5.2.3. Liability for Interpretation Defects
It is necessary to establish liability for defects in algorithmic interpretations if they contain omissions, biases, or errors. For public authorities, the law should set forth appropriate remedial and compensatory mechanisms. Given the special trust placed in public institutions, if defective interpretations lead affected parties to rely on them erroneously—resulting in losses of legally protected interests—public authorities should bear remedial or compensatory responsibilities commensurate with the trust placed. For market entities, defects in interpretations may constitute a violation of consumer rights to be informed; where such defects constitute a warning failure, product liability rules may be applied—especially if the entity is aware of the system’s flaws and risks but fails to disclose them, warranting punitive damages. In other circumstances, it is necessary to distinguish whether the interpretation is contractually governed between the operator and the user, or whether it constitutes an infringement of the user’s rights, with liability forms applied according to either contract law or tort law as appropriate.

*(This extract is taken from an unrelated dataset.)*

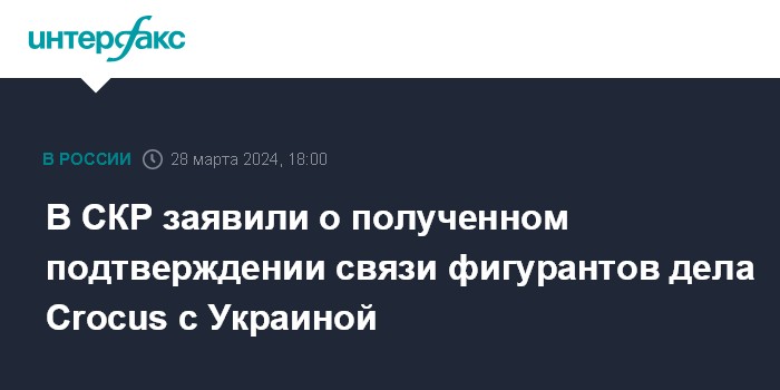 Москва. 28 марта. INTERFAX.RU - Информация в изъятых у подозреваемых в теракте в Crocuss City Hall технических устройствах подтверждает их связь с украинской стороной, заявили в Следственном комитете РФ (СКР).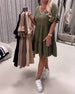 Kleid mode v-ausschnitt feste farbe nähte schlank

The operation of an algorithmic interpretation system inevitably imposes a certain regulatory burden on operators. Current technological developments still struggle to balance model predictive performance with the comprehensive retention and explainability of automated decision outputs; in some instances, a higher degree of interpretation may impair model performance. If the liability for interpretation defects is set too lightly, operators might prefer to incur the penalty rather than fully fulfill their interpretation obligations; if set too heavily, it may reduce model performance, increase regulatory costs, or even lead to a “chilling effect” that discourages market players from actively developing and utilizing innovative, cutting-edge algorithmic models. The balance must be determined by the importance of public interests and individual rights protection in each specific interpretation scenario, ensuring that the liability for interpretation defects is significantly greater than the regulatory burden and is proportionate.